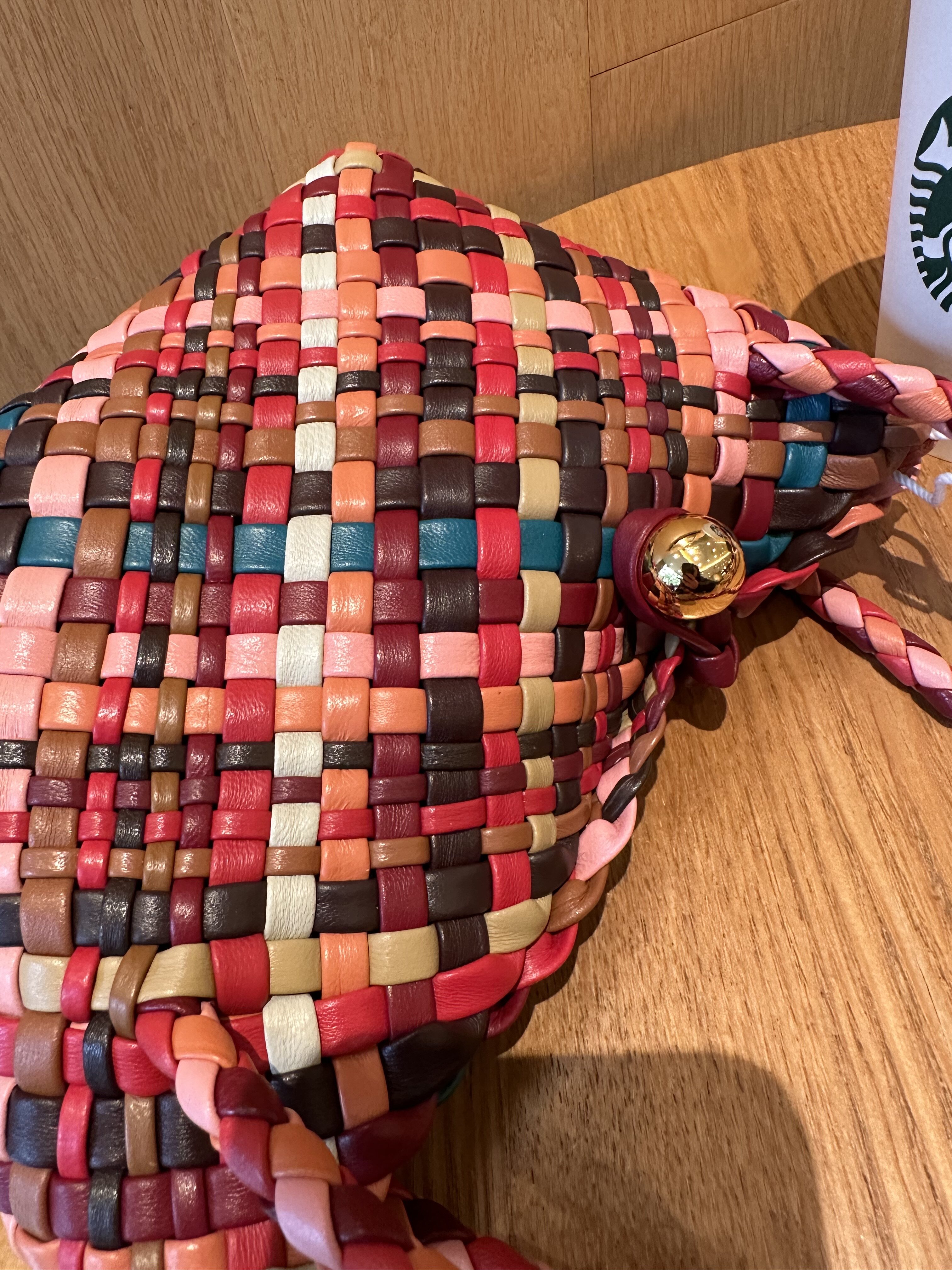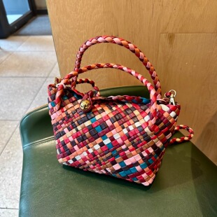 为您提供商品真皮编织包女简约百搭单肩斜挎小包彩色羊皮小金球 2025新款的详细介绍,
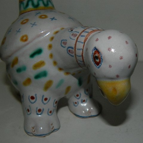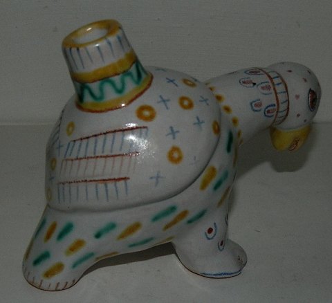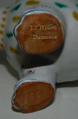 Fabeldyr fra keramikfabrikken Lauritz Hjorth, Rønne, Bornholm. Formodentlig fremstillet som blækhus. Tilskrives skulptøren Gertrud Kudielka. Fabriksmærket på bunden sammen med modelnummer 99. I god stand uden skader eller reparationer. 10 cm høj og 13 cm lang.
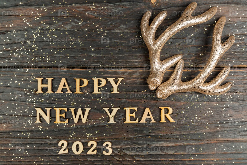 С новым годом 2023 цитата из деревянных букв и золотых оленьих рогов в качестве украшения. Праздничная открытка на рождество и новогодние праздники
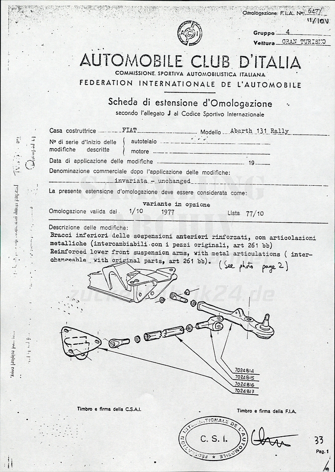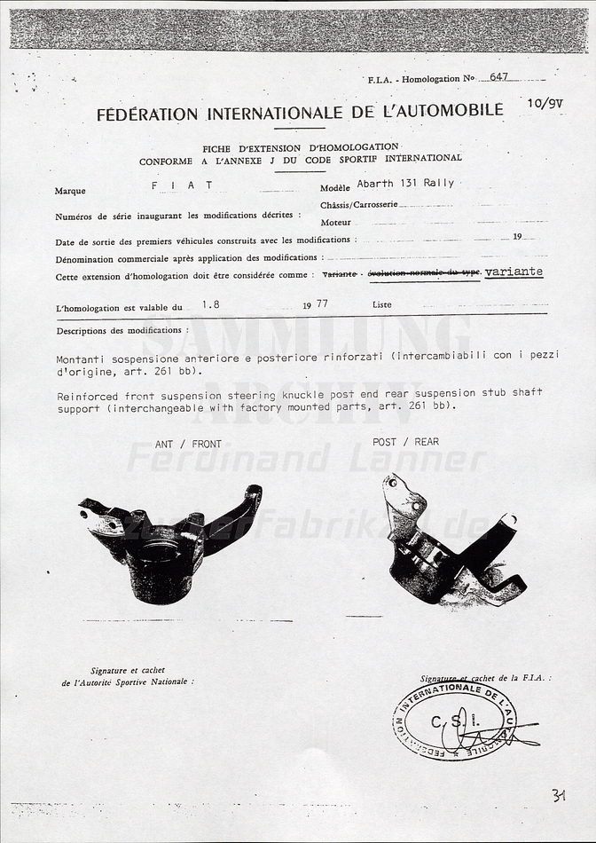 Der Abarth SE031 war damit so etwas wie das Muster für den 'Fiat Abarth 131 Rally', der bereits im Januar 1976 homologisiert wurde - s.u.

********************

- WHAT TO WORK ON
Could you copy the data above exactly, leaving the pictures out?

- REPLY
 为您提供商品真皮编织包女简约百搭单肩斜挎小包彩色羊皮小金球 2025新款的详细介绍,
 Fabeldyr fra keramikfabrikken Lauritz Hjorth, Rønne, Bornholm. Formodentlig fremstillet som blækhus. Tilskrives skulptøren Gertrud Kudielka. Fabriksmærket på bunden sammen med modelnummer 99. I god stand uden skader eller reparationer. 10 cm høj og 13 cm lang.
 С новым годом 2023 цитата из деревянных букв и золотых оленьих рогов в качестве украшения. Праздничная открытка на рождество и новогодние праздники
 Der Abarth SE031 war damit so etwas wie das Muster für den 'Fiat Abarth 131 Rally', der bereits im Januar 1976 homologisiert wurde - s.u.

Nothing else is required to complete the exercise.